Computer Science 400
Parallel Processing and High Performance Computing
Fall 2017, Siena College
For this lab, you will be learning how to compile and run jobs on the Stampede2 system. You will need to complete this lab individually so everyone has the experience of running MPI jobs on the supercomputer.
Much of what we'll be doing is based on the Stampede2 User Guide.
Getting Set Up
You will receive an email with the link to follow to set up your GitHub repository stampedempi-lab-yourgitname for this Lab.
Using a Stampede2 Login Node
Using the procedure from the earlier lab, use the XSEDE single sign on system to connect to the Stampede2 system at TACC.
Clone a copy of your repository from Lab 5 so you have some MPI programs available.
The default compiler and MPI configurations should be sufficient for most or all of our purposes. Compile with mpicc and run programs with mpirun.
We generally will not run MPI programs on the login nodes. They are not intended for that purpose. But since the programs we are trying out here are very short, we can do so.
Real computations will be done on Stampede2's compute nodes, not the login nodes. These are managed by a queueing system called Slurm, which grant access to subsets of the computer to various users. When you are allocated a set of compute nodes, no other users can run jobs on them.
You can see current summaries of the jobs in the queueing system with the commands sinfo and squeue.
You can see the types of nodes available through the queueing system with the command
sinfo -o "%18P %8a %16F"
This will show a compact summary of the status of the queues. See here to interpret the output.

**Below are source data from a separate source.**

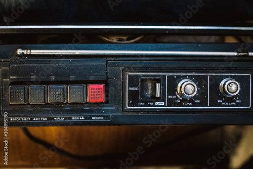 Fototapeta premium top of an old and dirty retro radio tape recorder showing buttons and dials
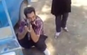 در این کلیپ دیده می شد که مردی جوان کنار یک نیسان آبی نشسته است و اسلحه ای در دست دارد. اوضاع عادی به نظر می رسد. مرد جوان که فرهاد نام داشت از دختر کوچکترش می خواهد سنگی را در فاصله ای دور بگذارد تا به آن شلیک کند. دختر دیگرش هم همان حوالی مشغول گشت زدن است و دختر بزرگتر دارد از صحنه بازی خواهرانش فیلم می گیرد.
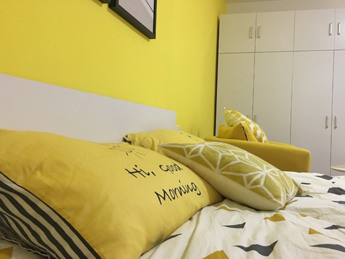 波普風(fēng)格的床單凸顯了年輕人的流行品味,窗簾柔和的面料讓硬朗的房間多了一份舒適感。大膽采用明艷的色彩,白色家具桌椅和黃色沙發(fā)幾何椅的適當(dāng)點綴平衡了空間的色彩關(guān)系。另外,從心里暗示來說,黃色是 “安撫色”,是會讓人產(chǎn)生樂觀態(tài)度令人安靜并放松的顏色,契合公寓建立的初衷。深圳公寓裝修設(shè)計

Using a Compute Node Interactively
A user can and should only log into compute nodes allocated to that user at a given time. We can gain exclusive access to one with the idev command.
Run idev. When prompted, request the default of 68 tasks per node. After a (hopefully) short time, you should get a command prompt on a compute node.
Please log out from the compute node as soon as you are finished with the tasks above. The time the node is allocated to you is charged against our class allocation.
Submitting Batch Jobs to the Compute Nodes
The most common way to use the compute nodes of this or any supercomputer is by submitting batch jobs. The idea is that you get your program ready to run, then submit it to be executed when resources to do so come available.
To set up a batch job, you first need a batch script that can be configured to run your program.
Copy the file /share/doc/slurm/knl.mpi.slurm to your directory that contains your Hello, World executable. Edit it to use "hellotest" in place of "myjob", request 1 node and 32 MPI tasks, a run time of 5 minutes, and replace the -mail-user option with your own email address. You should remove the "SBATCH -A myproject" line, since we have just one allocation to be charged for our run. Finally, replace the ./mycode.exe with the name of your executable.
Submit the job to the queueing system with the command
sbatch knl.mpi.slurm
Next, let's run with more nodes and processes. We will request 4 nodes, and run 128 processes per node (so the -n value in your script should be 512).
Include the last batch script (3 points) and the last output file (2 points) in your repository.
Submitting
Your submission requires that all required deliverables are committed and pushed to the master for your repository on GitHub.
Grading
This assignment is worth 30 points, which are distributed as indicated above.